Records supplied |
::::
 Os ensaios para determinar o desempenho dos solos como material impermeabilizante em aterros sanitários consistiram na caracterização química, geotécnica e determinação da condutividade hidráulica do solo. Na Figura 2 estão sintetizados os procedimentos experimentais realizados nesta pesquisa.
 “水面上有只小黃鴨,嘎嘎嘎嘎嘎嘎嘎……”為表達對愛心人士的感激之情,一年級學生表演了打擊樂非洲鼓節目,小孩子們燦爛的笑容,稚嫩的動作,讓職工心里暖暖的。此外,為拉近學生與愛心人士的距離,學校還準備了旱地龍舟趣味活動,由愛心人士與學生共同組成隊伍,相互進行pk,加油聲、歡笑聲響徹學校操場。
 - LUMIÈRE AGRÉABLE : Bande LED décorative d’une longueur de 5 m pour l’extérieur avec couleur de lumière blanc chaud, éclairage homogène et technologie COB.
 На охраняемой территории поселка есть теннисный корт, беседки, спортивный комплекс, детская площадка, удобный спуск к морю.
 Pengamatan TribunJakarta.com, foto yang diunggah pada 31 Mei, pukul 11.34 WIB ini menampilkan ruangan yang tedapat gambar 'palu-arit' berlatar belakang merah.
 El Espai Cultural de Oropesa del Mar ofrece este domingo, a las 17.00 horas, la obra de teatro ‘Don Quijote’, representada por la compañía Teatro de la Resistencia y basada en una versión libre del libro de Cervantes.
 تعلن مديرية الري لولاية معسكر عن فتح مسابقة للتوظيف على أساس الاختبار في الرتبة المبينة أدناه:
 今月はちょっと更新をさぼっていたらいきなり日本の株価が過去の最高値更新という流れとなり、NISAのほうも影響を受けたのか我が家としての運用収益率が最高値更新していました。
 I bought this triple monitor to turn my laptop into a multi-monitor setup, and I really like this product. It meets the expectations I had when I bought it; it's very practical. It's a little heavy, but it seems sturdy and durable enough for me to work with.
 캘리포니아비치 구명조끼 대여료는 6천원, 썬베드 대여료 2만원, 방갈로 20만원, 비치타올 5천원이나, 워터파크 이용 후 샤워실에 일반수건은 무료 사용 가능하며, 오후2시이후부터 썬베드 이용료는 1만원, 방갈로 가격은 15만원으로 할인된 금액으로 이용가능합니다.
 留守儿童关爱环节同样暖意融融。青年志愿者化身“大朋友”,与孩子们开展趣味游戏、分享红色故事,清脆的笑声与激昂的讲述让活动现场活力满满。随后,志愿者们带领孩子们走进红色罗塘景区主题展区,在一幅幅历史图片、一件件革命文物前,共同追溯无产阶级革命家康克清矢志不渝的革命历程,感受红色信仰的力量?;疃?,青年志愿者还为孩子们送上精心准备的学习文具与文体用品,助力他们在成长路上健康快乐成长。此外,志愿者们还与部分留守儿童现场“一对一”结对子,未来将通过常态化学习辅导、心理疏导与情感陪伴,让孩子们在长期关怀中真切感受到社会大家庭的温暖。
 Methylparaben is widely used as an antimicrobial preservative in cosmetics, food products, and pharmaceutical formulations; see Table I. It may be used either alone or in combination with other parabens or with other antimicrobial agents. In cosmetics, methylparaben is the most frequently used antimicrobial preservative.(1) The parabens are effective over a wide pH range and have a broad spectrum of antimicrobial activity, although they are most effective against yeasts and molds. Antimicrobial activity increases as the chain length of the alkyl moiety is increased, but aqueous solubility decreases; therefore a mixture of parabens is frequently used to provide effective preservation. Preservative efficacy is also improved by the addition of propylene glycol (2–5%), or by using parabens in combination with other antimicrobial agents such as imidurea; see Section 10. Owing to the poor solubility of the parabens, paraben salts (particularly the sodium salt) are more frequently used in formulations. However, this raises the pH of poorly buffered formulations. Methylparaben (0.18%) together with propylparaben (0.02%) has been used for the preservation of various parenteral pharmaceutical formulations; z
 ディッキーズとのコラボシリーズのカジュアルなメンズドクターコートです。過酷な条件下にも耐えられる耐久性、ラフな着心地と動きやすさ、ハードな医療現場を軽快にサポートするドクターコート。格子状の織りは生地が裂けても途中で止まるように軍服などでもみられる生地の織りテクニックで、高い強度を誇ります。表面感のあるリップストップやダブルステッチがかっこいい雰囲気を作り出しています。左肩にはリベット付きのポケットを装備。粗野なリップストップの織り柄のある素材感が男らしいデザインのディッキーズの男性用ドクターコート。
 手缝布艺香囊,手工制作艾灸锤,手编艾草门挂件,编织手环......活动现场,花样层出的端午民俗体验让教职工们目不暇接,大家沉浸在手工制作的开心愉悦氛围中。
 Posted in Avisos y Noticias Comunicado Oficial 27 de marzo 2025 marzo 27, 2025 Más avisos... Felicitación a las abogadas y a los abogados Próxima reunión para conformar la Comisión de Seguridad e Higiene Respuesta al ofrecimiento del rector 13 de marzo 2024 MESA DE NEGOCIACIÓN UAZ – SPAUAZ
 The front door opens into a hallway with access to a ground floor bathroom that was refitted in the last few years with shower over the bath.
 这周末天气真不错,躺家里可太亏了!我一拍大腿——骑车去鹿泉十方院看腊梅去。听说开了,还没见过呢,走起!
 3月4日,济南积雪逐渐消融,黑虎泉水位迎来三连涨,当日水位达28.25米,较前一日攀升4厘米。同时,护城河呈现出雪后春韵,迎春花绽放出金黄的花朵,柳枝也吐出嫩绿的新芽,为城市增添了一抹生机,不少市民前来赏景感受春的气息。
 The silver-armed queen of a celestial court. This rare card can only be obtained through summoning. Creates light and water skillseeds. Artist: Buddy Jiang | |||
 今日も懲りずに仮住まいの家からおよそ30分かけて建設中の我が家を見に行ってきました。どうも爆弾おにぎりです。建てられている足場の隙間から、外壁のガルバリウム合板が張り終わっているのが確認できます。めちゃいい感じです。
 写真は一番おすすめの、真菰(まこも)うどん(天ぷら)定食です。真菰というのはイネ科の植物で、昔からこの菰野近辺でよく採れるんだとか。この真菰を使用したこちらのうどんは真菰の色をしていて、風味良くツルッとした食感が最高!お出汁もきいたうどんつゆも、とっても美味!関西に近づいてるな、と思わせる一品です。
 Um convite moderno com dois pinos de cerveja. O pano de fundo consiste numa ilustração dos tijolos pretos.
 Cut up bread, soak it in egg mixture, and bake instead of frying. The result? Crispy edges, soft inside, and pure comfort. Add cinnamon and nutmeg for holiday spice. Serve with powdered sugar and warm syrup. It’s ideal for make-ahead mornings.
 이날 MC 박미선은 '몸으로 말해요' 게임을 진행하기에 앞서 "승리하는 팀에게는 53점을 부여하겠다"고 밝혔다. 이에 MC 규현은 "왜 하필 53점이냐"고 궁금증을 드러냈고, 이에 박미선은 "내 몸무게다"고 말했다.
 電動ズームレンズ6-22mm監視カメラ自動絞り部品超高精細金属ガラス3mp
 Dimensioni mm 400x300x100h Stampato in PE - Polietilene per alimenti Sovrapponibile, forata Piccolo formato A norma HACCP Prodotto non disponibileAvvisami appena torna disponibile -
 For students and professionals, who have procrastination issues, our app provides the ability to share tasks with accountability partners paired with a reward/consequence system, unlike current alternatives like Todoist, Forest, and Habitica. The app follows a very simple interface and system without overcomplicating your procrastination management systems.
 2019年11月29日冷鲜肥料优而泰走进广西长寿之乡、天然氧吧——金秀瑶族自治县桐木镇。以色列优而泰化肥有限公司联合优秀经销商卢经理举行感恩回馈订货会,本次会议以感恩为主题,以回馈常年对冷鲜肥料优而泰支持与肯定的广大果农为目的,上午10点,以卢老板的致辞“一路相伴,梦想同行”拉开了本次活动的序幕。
::::
Assigned task |
Starting with the line that contains "Um convite moderno", print every line through the end of the entries above exactly as written, both boundary lines included, and nothing else.

Exercise solution |
 Um convite moderno com dois pinos de cerveja. O pano de fundo consiste numa ilustração dos tijolos pretos.
 Cut up bread, soak it in egg mixture, and bake instead of frying. The result? Crispy edges, soft inside, and pure comfort. Add cinnamon and nutmeg for holiday spice. Serve with powdered sugar and warm syrup. It’s ideal for make-ahead mornings.
 이날 MC 박미선은 '몸으로 말해요' 게임을 진행하기에 앞서 "승리하는 팀에게는 53점을 부여하겠다"고 밝혔다. 이에 MC 규현은 "왜 하필 53점이냐"고 궁금증을 드러냈고, 이에 박미선은 "내 몸무게다"고 말했다.
 電動ズームレンズ6-22mm監視カメラ自動絞り部品超高精細金属ガラス3mp
 Dimensioni mm 400x300x100h Stampato in PE - Polietilene per alimenti Sovrapponibile, forata Piccolo formato A norma HACCP Prodotto non disponibileAvvisami appena torna disponibile -
 For students and professionals, who have procrastination issues, our app provides the ability to share tasks with accountability partners paired with a reward/consequence system, unlike current alternatives like Todoist, Forest, and Habitica. The app follows a very simple interface and system without overcomplicating your procrastination management systems.
 2019年11月29日冷鲜肥料优而泰走进广西长寿之乡、天然氧吧——金秀瑶族自治县桐木镇。以色列优而泰化肥有限公司联合优秀经销商卢经理举行感恩回馈订货会,本次会议以感恩为主题,以回馈常年对冷鲜肥料优而泰支持与肯定的广大果农为目的,上午10点,以卢老板的致辞“一路相伴,梦想同行”拉开了本次活动的序幕。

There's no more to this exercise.